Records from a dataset
┌──

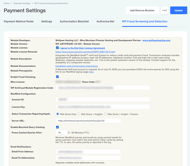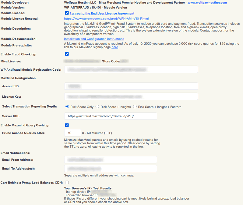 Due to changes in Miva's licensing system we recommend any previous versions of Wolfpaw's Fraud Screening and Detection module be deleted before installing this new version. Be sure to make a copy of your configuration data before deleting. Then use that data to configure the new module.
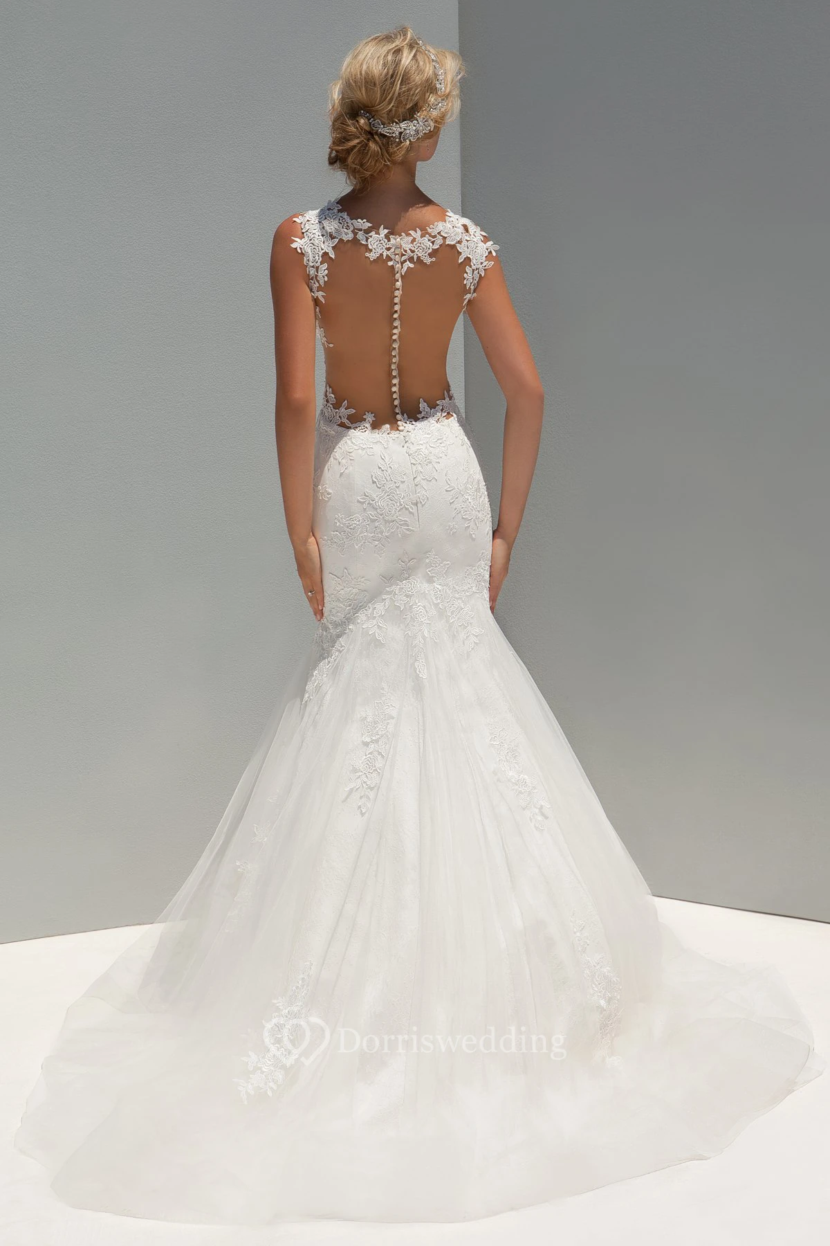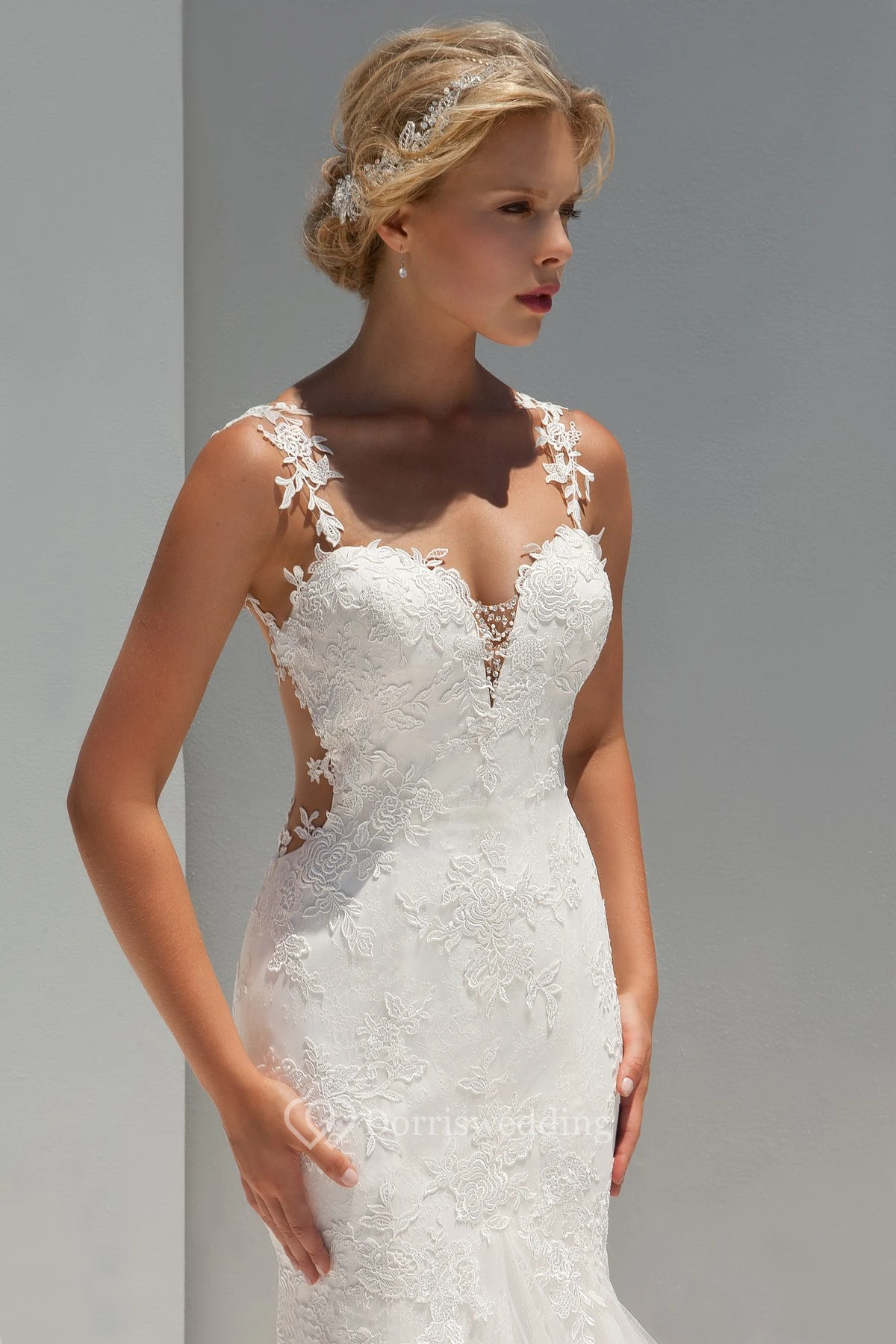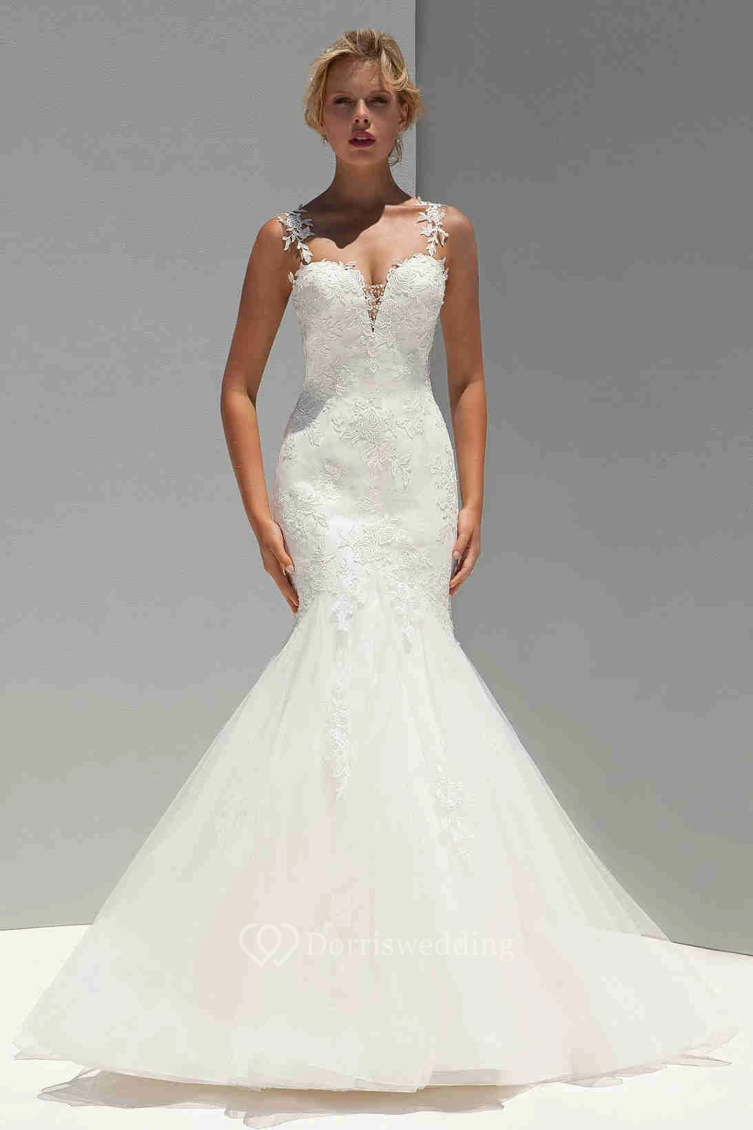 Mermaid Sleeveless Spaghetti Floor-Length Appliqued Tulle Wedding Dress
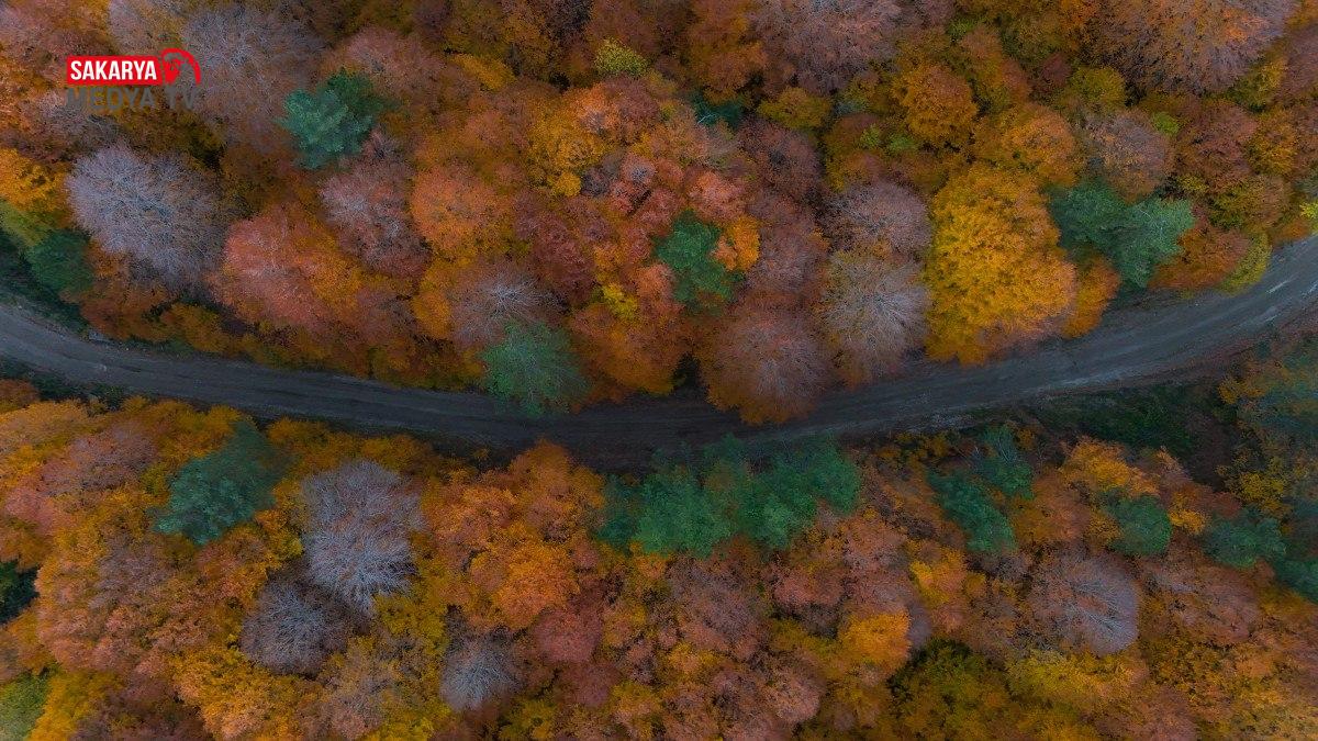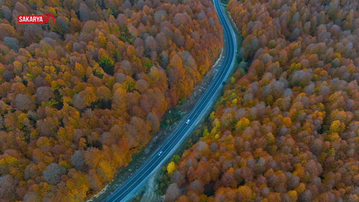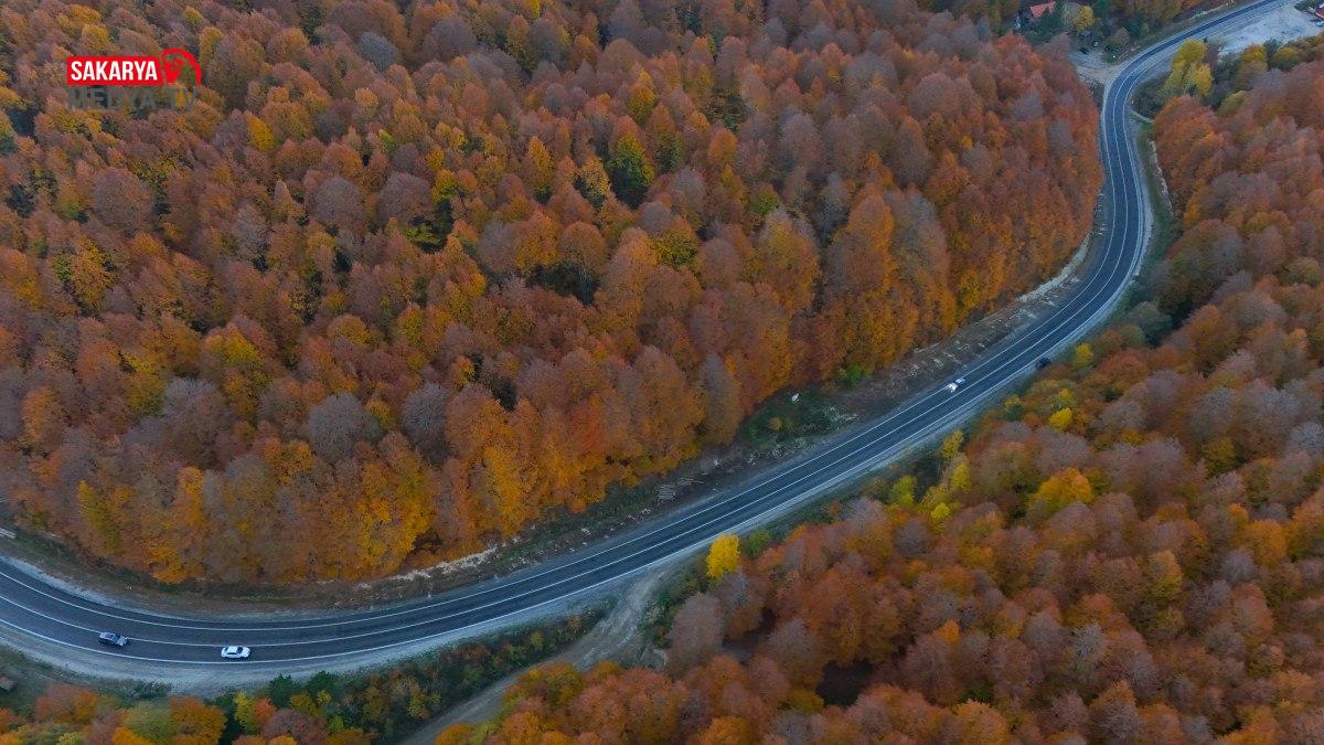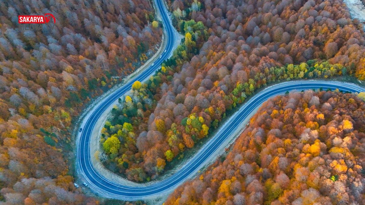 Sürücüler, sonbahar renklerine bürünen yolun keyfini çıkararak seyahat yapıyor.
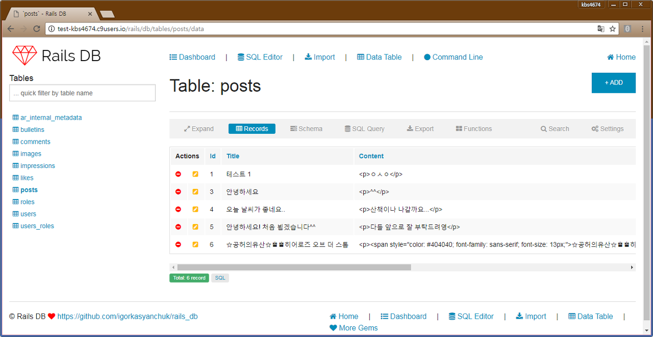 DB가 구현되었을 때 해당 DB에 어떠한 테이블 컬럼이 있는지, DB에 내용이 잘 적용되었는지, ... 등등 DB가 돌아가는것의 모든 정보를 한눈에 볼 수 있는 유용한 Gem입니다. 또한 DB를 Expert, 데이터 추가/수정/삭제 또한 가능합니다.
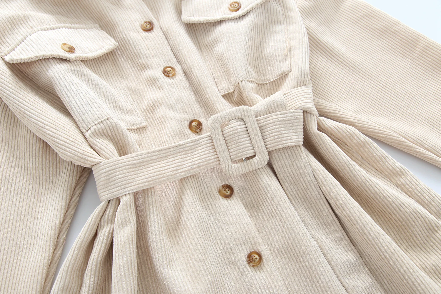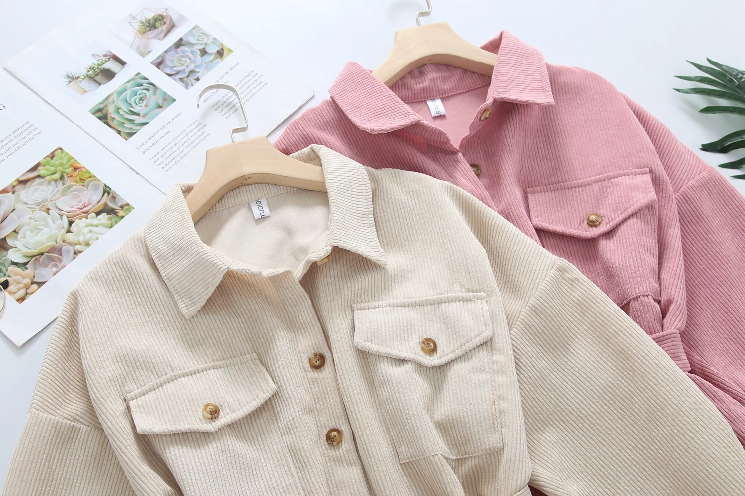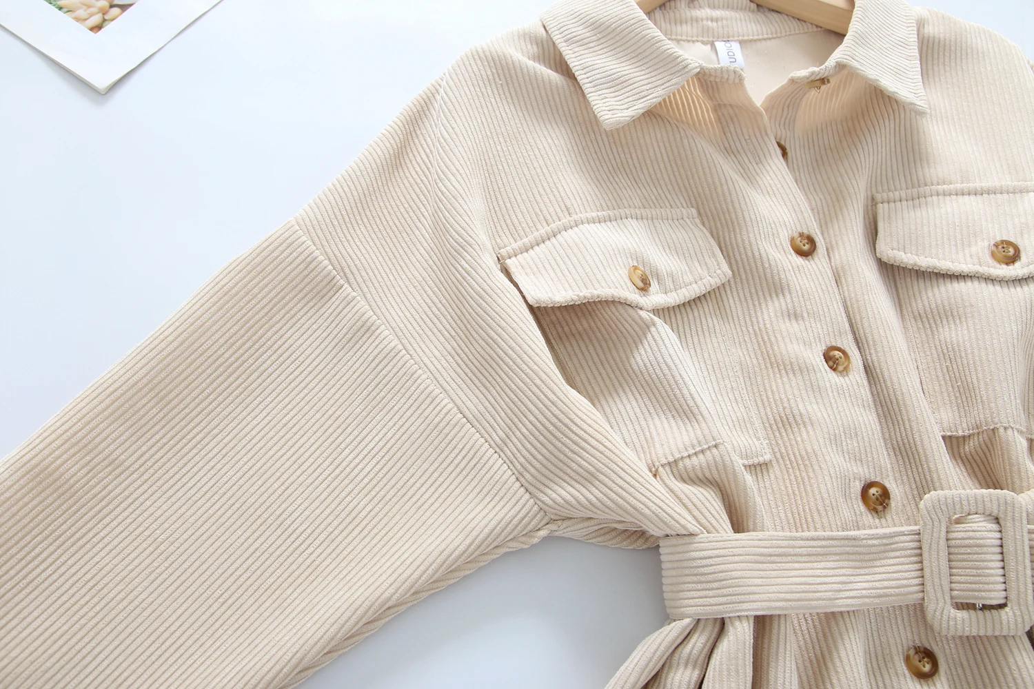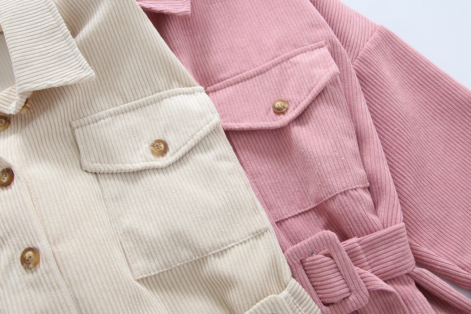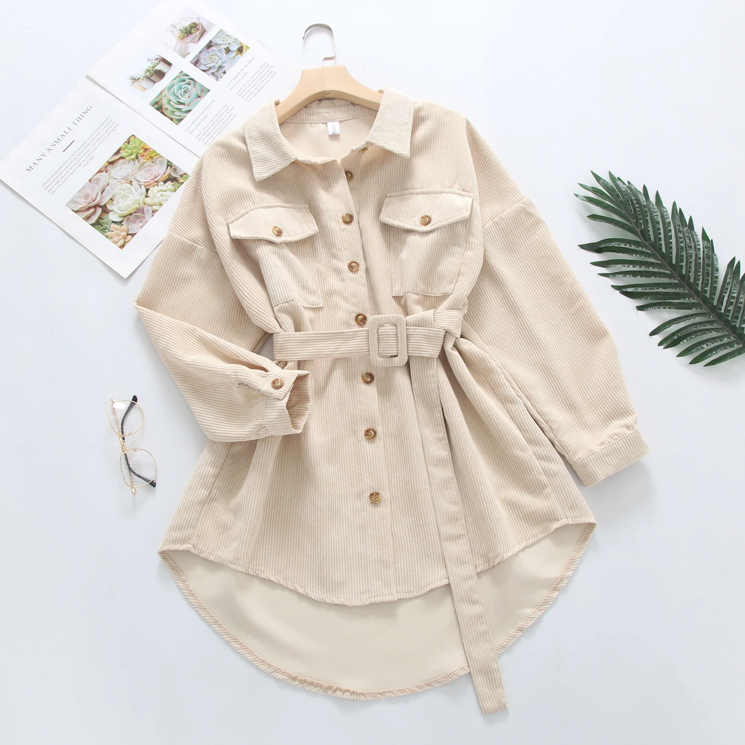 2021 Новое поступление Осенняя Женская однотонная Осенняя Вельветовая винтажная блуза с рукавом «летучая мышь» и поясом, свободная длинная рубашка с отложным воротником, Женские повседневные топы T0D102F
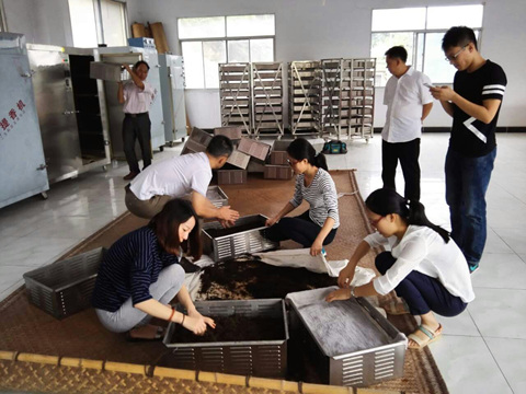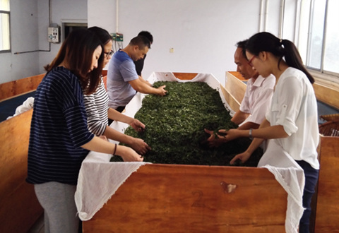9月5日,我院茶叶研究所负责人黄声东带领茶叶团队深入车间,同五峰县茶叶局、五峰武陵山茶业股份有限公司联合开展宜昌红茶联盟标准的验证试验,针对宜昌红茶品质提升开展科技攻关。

└──

What to produce:
Print all records verbatim, excluding pictures.

Output for this task:
 Due to changes in Miva's licensing system we recommend any previous versions of Wolfpaw's Fraud Screening and Detection module be deleted before installing this new version. Be sure to make a copy of your configuration data before deleting. Then use that data to configure the new module.
 Mermaid Sleeveless Spaghetti Floor-Length Appliqued Tulle Wedding Dress
 Sürücüler, sonbahar renklerine bürünen yolun keyfini çıkararak seyahat yapıyor.
 DB가 구현되었을 때 해당 DB에 어떠한 테이블 컬럼이 있는지, DB에 내용이 잘 적용되었는지, ... 등등 DB가 돌아가는것의 모든 정보를 한눈에 볼 수 있는 유용한 Gem입니다. 또한 DB를 Expert, 데이터 추가/수정/삭제 또한 가능합니다.
 2021 Новое поступление Осенняя Женская однотонная Осенняя Вельветовая винтажная блуза с рукавом «летучая мышь» и поясом, свободная длинная рубашка с отложным воротником, Женские повседневные топы T0D102F
9月5日,我院茶叶研究所负责人黄声东带领茶叶团队深入车间,同五峰县茶叶局、五峰武陵山茶业股份有限公司联合开展宜昌红茶联盟标准的验证试验,针对宜昌红茶品质提升开展科技攻关。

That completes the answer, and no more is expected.